Segment Start: Recorded information

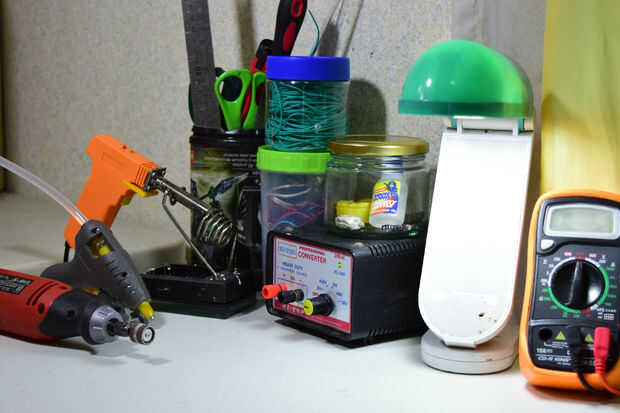 -Cautín, herramienta rotatoria, pistola de pegamento y fuente de alimentación ajustable.
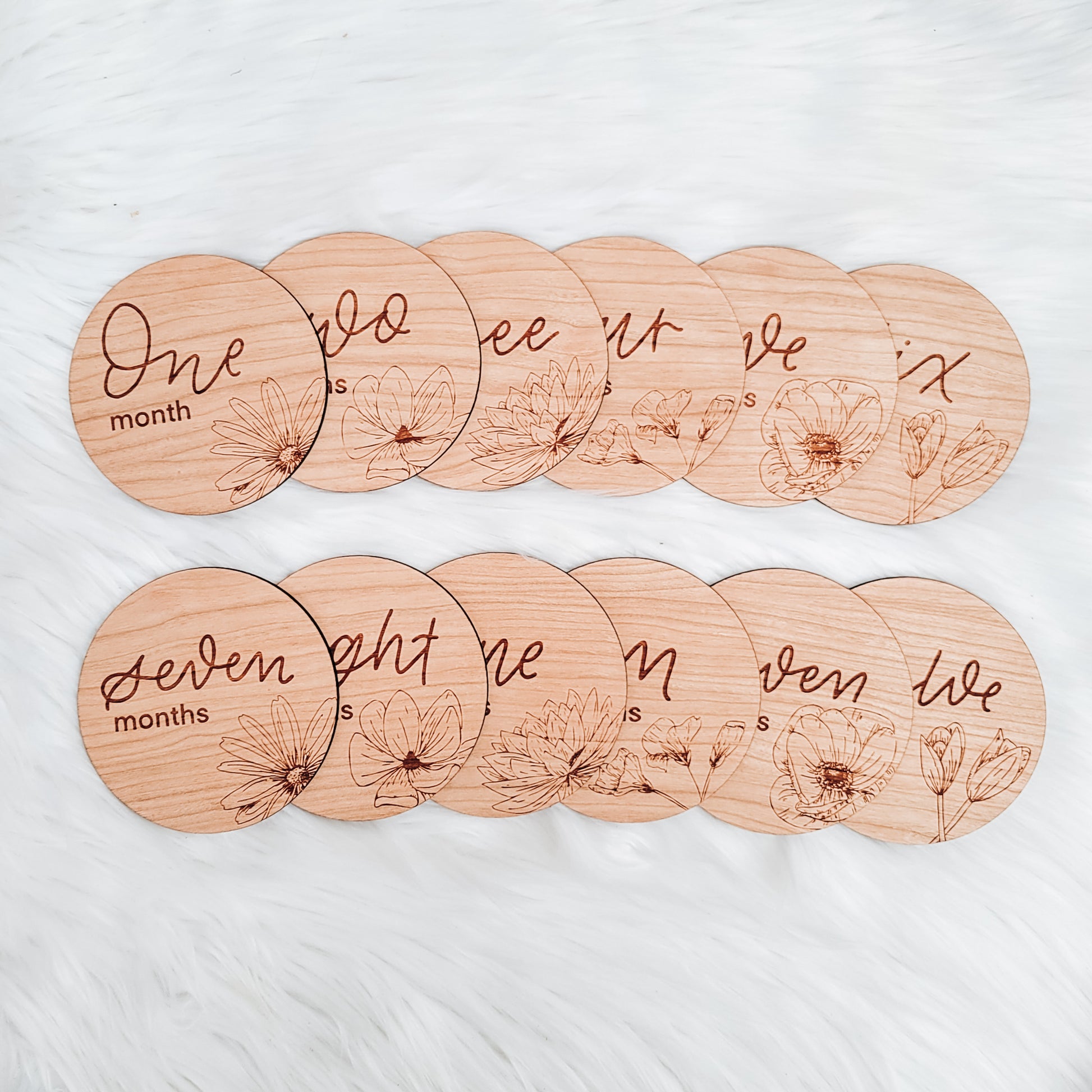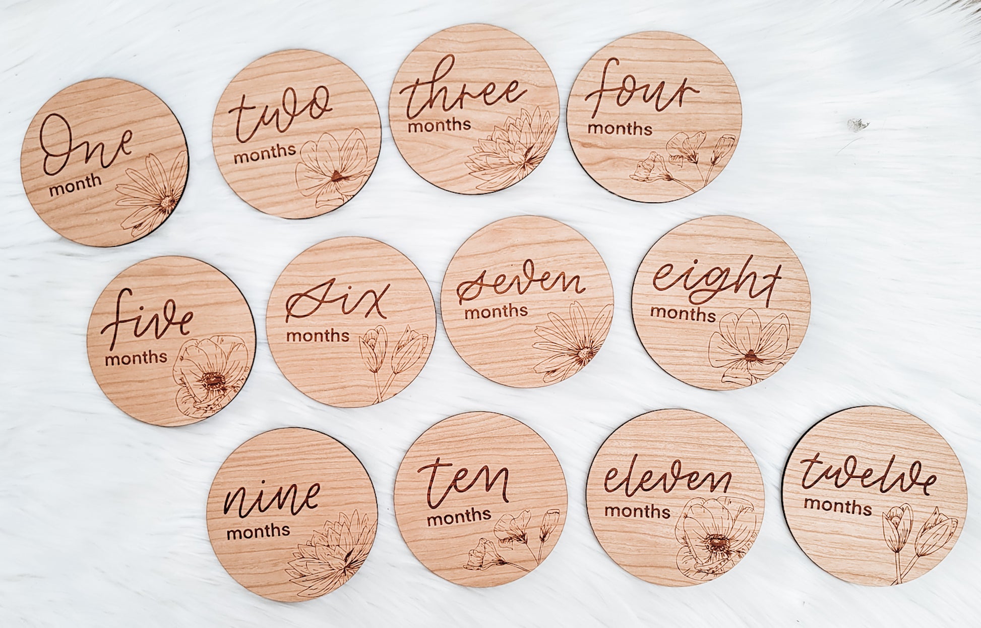 These wooden circles are the perfect way to commemorate each monthly mile stone for your baby. Made from cherry wood they may naturally darken over time.
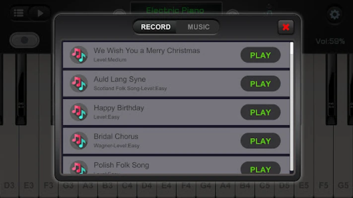 ★ Connect your own digital piano and play along.
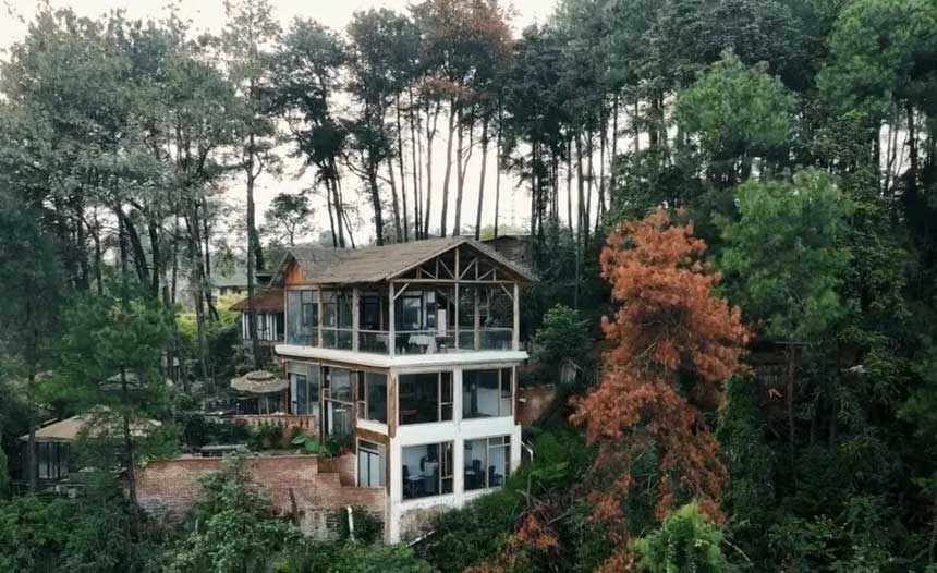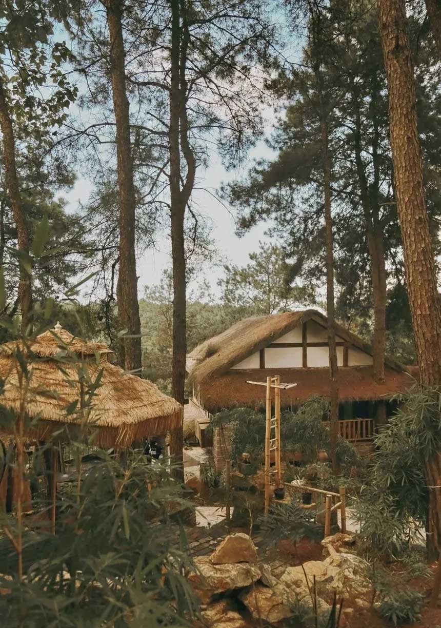 - 就地取材:老房拆下的青瓦、铁轨旁的枕木,全搬进森林
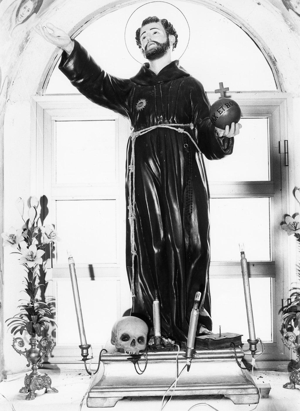 Personaggi: San Francesco d'Assisi. Attributi: (San Francesco d'Assisi) teschio; sfera sormontata da croce. Abbigliamento religioso: (San Francesco d'Assisi) saio
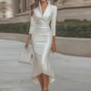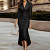 Damen Modisches Elegantes Einfarbiges Langärmeliges V-Ausschnitt Satin-Kleid
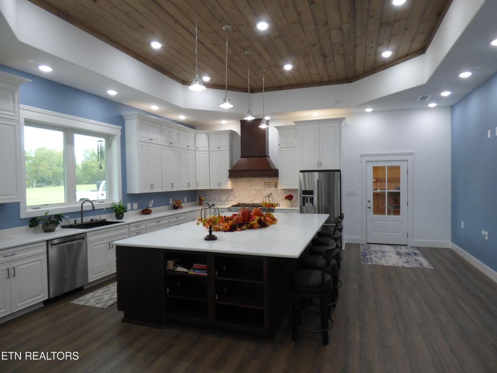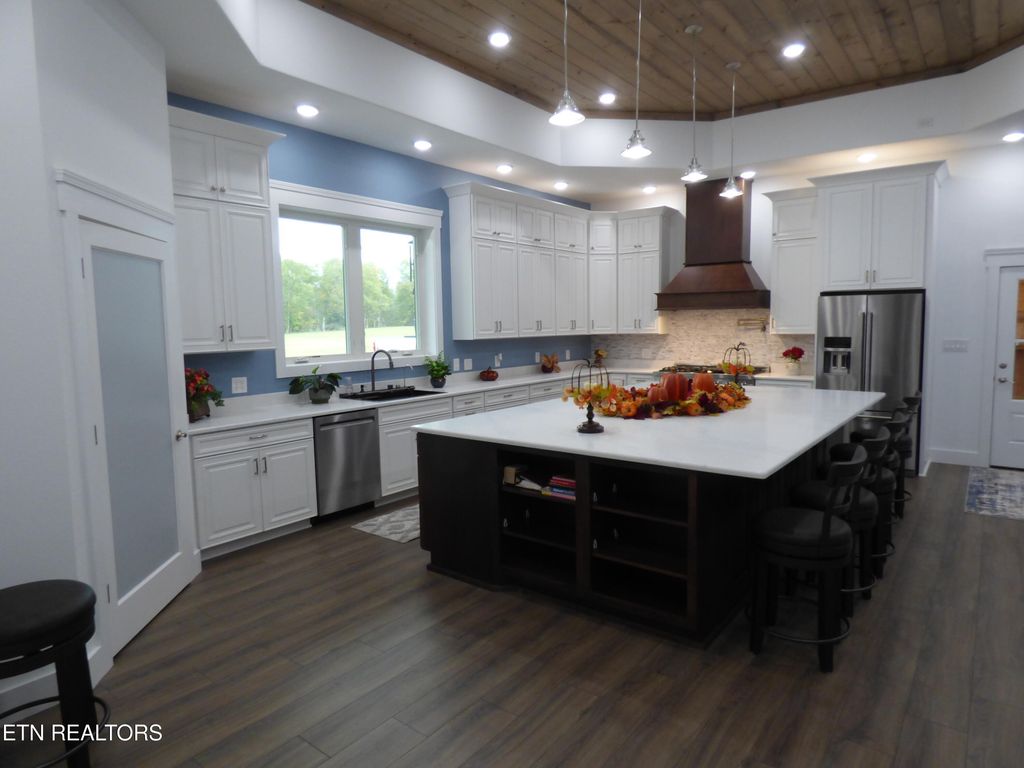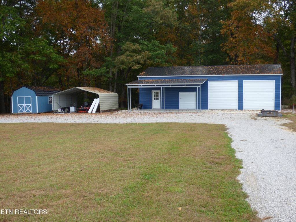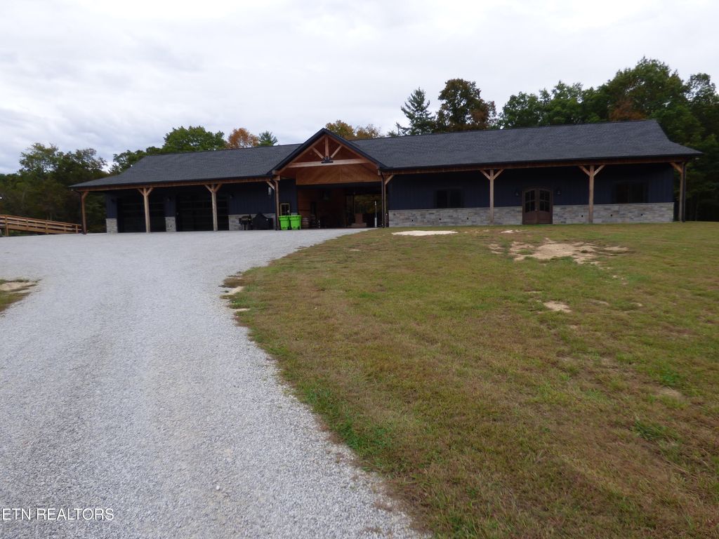 Beautiful One of A Kind Custom Built Home with Attached Breezeway and Extra Large Garage on 10.42 Acres in the Homestead Area. The home is 40' x 60', the Breezeway is 24' x 40' and the finished garage is 40' x 60'. The beauty of the home starts when you walk thru the arched front door into a large living room looking at a stone fireplace with gas logs. Then left into the unique and open kitchen and dining area with a large island with granite countertop, lots of storage underneath, stainless appliances, commercial gas range, large pantry and a sink that runs off electric (must see). Cathedral and trey ceilings thru out the home. Tiled walk in showers in both baths and a monster sized walk in closet in the master bathroom. Then we go out to a 24 x 40 breezeway with large custom built bar and large auto doors with windows and screens at each end that can be closed up to add a little heat and use it year round. Next step into the 40 x 60 finished garage with heat and air, 3 large window garage doors, a full kitchen, half bath, and epoxy flooring. All outside walkways and covered porches are stamped and stained. This property also has a large detached workshop/garage, shed, and a 1 bedroom, 1 bath manufactured home for additional living quarters. Also the right side of the property borders the Cumberland Mountain State Park. This property is a must see!!

Segment End: Recorded information

__Problem to solve__
Give back the lines word for word, from the very first in the material above to the one that has "Damen Modisches Elegantes", both included, without the pictures.

__Finished exercise__
 -Cautín, herramienta rotatoria, pistola de pegamento y fuente de alimentación ajustable.
 These wooden circles are the perfect way to commemorate each monthly mile stone for your baby. Made from cherry wood they may naturally darken over time.
 ★ Connect your own digital piano and play along.
 - 就地取材:老房拆下的青瓦、铁轨旁的枕木,全搬进森林
 Personaggi: San Francesco d'Assisi. Attributi: (San Francesco d'Assisi) teschio; sfera sormontata da croce. Abbigliamento religioso: (San Francesco d'Assisi) saio
 Damen Modisches Elegantes Einfarbiges Langärmeliges V-Ausschnitt Satin-Kleid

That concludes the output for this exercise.